По его лицу мелькнула словно молния, и он снова обратился к Елене.

Нетерпеливо дожидала молодая женщина отъезда гостей, особенно же Фельс. “Когда бы только не сделал”, - думала неустанно. Кроме того, была нервная и сего вечера очень уставший. Старший сын учителей добывал перед ней все свое знание. Маячил про разные системы воспитания. Заявил с прижимом, что читал тоже Песталоцци “'Wie Gertrud ihre Kinder lehrt”[43][43] и что хочет еще лишь J. J. Rousseau “Еmіlе”[44][44] просмотреть его мать, худая костиста лицо, стреляла по ним свирепыми глазами. Вдова была хорошая, - он же еще молодой. Однако вдова не внесла еще никогда второму мужу счастье в дом... Это она знала еще от своей покойницы бабушки...

Было уже поздним вечером, как гости попрощались. Елена искала где-то в третьим покои по каким-то платком, чтобы провести немного надлісничих, когда это вдруг Фельс появился неслышными шагами в комнату и возле нее. Она переходила собственно у окна и заглянула в него.

- Вновь сегодня замечательная ночь, - заметила вполголоса полу к себе, полу к нему.

- Гм?.. Что?..

- Вновь наступила прекрасная ночь, - вновь повторила вполголоса.

- Почему? Потому, что месяц и звезды так ясно светят?

- Может, и поэтому. Красоту и взнеслість в природе можно лучше почувствовать, как описать. Не считаете же вы, господин Фельс?

- Не знаю. В той волне я чувствую что другое.

Голос его звучал мягко. Она взглянула на него и испугалась, лицо его было бледное совсем, аж до густых волос, как будто бы вся кровь из него исчезла. Голубые, конечно безвиразні глаза горели жарким огнем, ее обняло холодом. Знала сразу, что произошло то, к чему она стреміла и перед чем теперь сама задрожала, - страсть. Хотела уступить дальше, однако какое-то непонятное чувство, словно электрическая струя, перешла от него на нее, и она задержалась.

- Елена!

- Что же?

- Я не знаю. Я...

- И я не знаю... - она улыбнулась с трудом.

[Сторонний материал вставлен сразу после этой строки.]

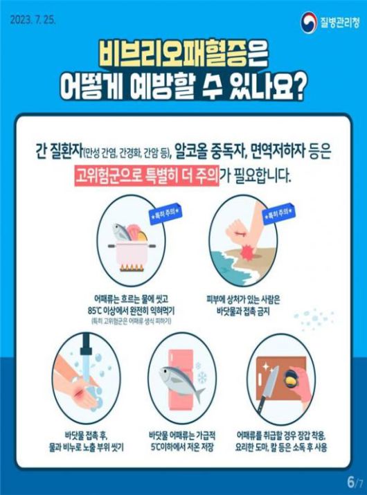 도는 비브리오패혈증을 예방하기 위해 도민들에게 ▲어패류는 반드시 익혀 먹을 것 ▲상처가 있는 경우 바닷물 접촉을 피할 것 ▲어패류를 다룰 때 장갑을 착용할 것 ▲어패류는 5도 이하 저온에서 보관하고 흐르는 수돗물로 세척할 것 ▲사용한 칼과 도마는 반드시 소독할 것 등의 예방수칙 준수를 강조했다.
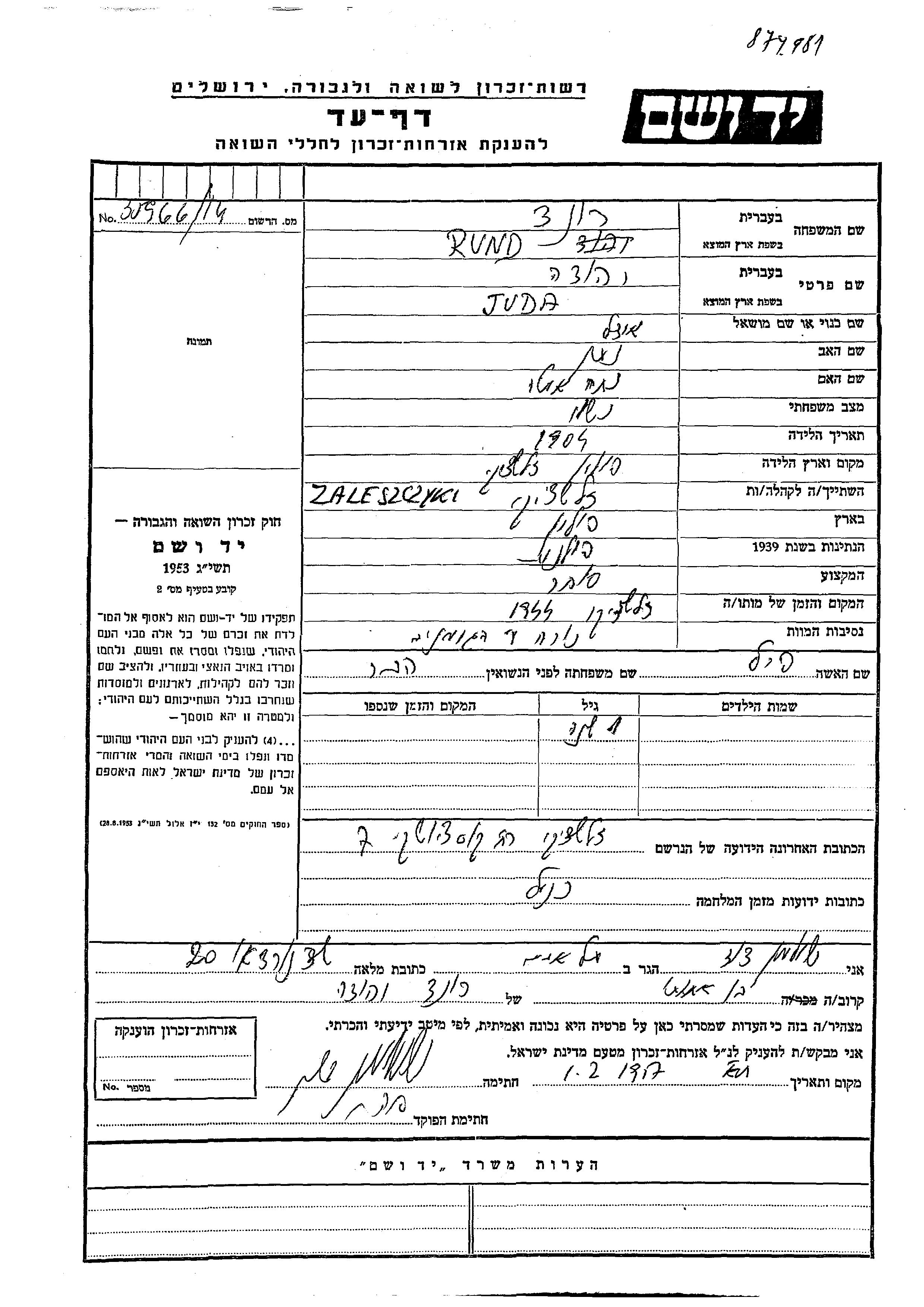 Rund nombre desconocido Zaleszcyki, Polonia Hoja de Testimonio
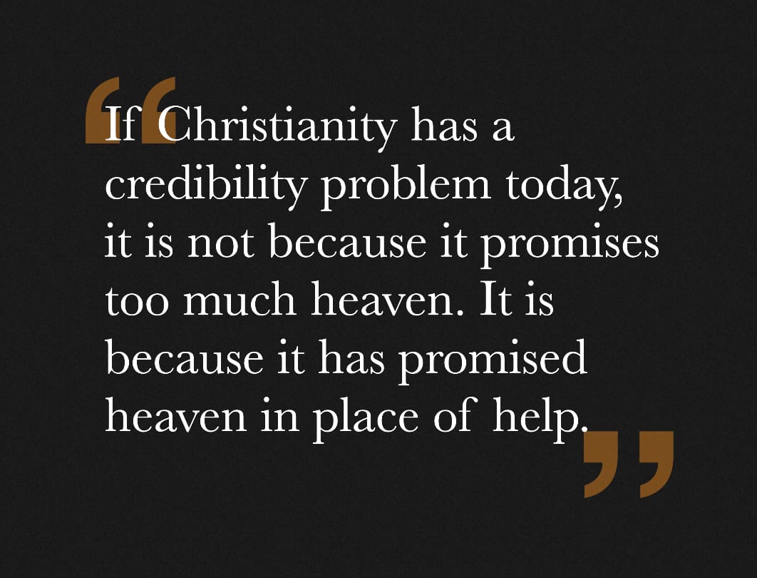 If Christianity, in the eyes of many, has a credibility problem today, it is because today's churches tend to promise heaven in place of help.

- Аленушка!.. - повторил он.

- Желаете чего-нибудь?..

- Да. Се видите ли... вы...

Он ее боялся, ее же взяла бывшая дикая терпение и она задрожала на целом теле.

- Идиот! - вырывалось на ее устах, однако она смолчала.

- Вы знаете, что вы такие хорошие-хорошие...

Он растаял вдруг близко перед ней, и она почуяла от него вино; но в той же волны, прежде чем она смогла это заметить, пірвав ее страстно к себе. Она скричала и відтрутила его далеко назад, ее обняла сильная, несказанно глубокая физическое отвращение.

- Тихо! - воскликнул он в сильном зворушенню. - Я вас люблю, Елена; не наносите мне боли!..

Брови его стянулись грозно; закусив низменную губу, смотрел на нее заіскреними глазами.

- Почему відтрутили вы меня? Я вас люблю, Елена, будьте моей женой! - сказал он страстно.

Она стояла перед ним, опирающаяся о стену, бледная, с широко созданными глазами, с дрожачими ноздрями, в тяжелой борьбе. Сильно товклось в груди ее сердце. Ноги дрожали под ним, и она не смогла уст одтворити.

- Елена, дорогая, відповіджте мне!

Она молчала.

- Вы потеряли язык? О, скажите только одно словечко.

Она едва взглянула на него, потом закрыла розпучливим движением лицо и застонала. Он ласково сдвинул с лица ее руки и искал ее глаз. Она отвернула голову от него.

- Вы не любите меня? - прошептал, глубоко тронут. - Не хотите быть моей женой? Не хотите?

Прошла малая минута, во время которой слышно было лишь его тяжелое дыхание.

- Когда так, то простите!

- Я хочу, Фельс! О, боже, я хочу, хочу... - вырвалось из ее уст.

А он, услышав это, уже пірвав ее в свои объятия, покрывал смертельно бледное ее лицо горячими поцілуями, шептал страстные любовные слова, смеялся...

Она молча сносила те ласки, и только голова ее опадала чем раз, то глубже на его рубище...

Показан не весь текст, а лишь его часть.